The current unwinding logic uses global locks, which leads to
terrible exception performance in multi-threaded programs.
For example on an AMD EPYC 7713 with 128 cores we see a performance
degradation from 36ms single threaded to 6424ms with 128 threads
when throwing multi-threaded.
See https://isocpp.org/files/papers/P2544R0.html for a detailed
discussion.
This commit fixes this problem by maintaining the exception tables
in a b-tree using optimistic lock coupling, which allows for
lock-free reads. Writers still lock, but changes to exception tables
are rare, they are usually triggered only by dlopen/dlclose calls or
by JITed code. During unwinding that mechanism does not require any
atomic writes, which allows for running the test program mentioned above
in 59ms instead of over 6s.
Unfortunately the mechanism requires cooperation from the application,
as the glibc has no mechanism to notify us when a shared library is
removed. Thus, it is double opt-in: First, the libunwind itself has
to be compiled with -DLIBUNWIND_USE_BTREE=On. And then at runtime,
the application has to enable the mechanism by calling
void __libunwind_btreelookup_sync();
That sync function must be called once at startup and then again
after every dlopen and every dlclose call. Failing to call sync
after dlopen is safe, it can just lead to suboptimal performance by
falling back to the existing mechanism. But failing to call sync
between a dlclose/dlopen sequence is unsafe, as the new library
might remain associated with the old unwinder logic.

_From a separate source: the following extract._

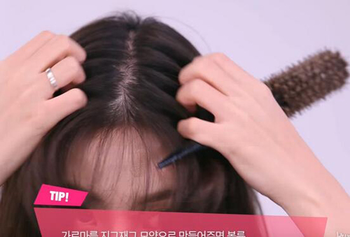 紧接着将浏海都拨到中间(如上图)~用圆梳固定在离发根约5分处,稍稍往发根的地方推进,再用吹风机吹~就能有如下图的空气感微弯度啦

But if the application knows what it is doing, and guarantees to
call sync between dlclose and dlopen, it gets dramatically better
performance in exception unwinding.
Note that the current implementation is quit conservative, as it
leaves the ehframe tables as they are and just indexes the tables
themselves with a btree. Which means that the btree will usually
have a few of entries per shared library. An alternative design
would be to store the content of the ehframe tables in the btree,
just as with dynamic frames from JITed code. This would make unnesting
even faster, but would consume more memory, as we would have one entry
per function instead of one entry per library.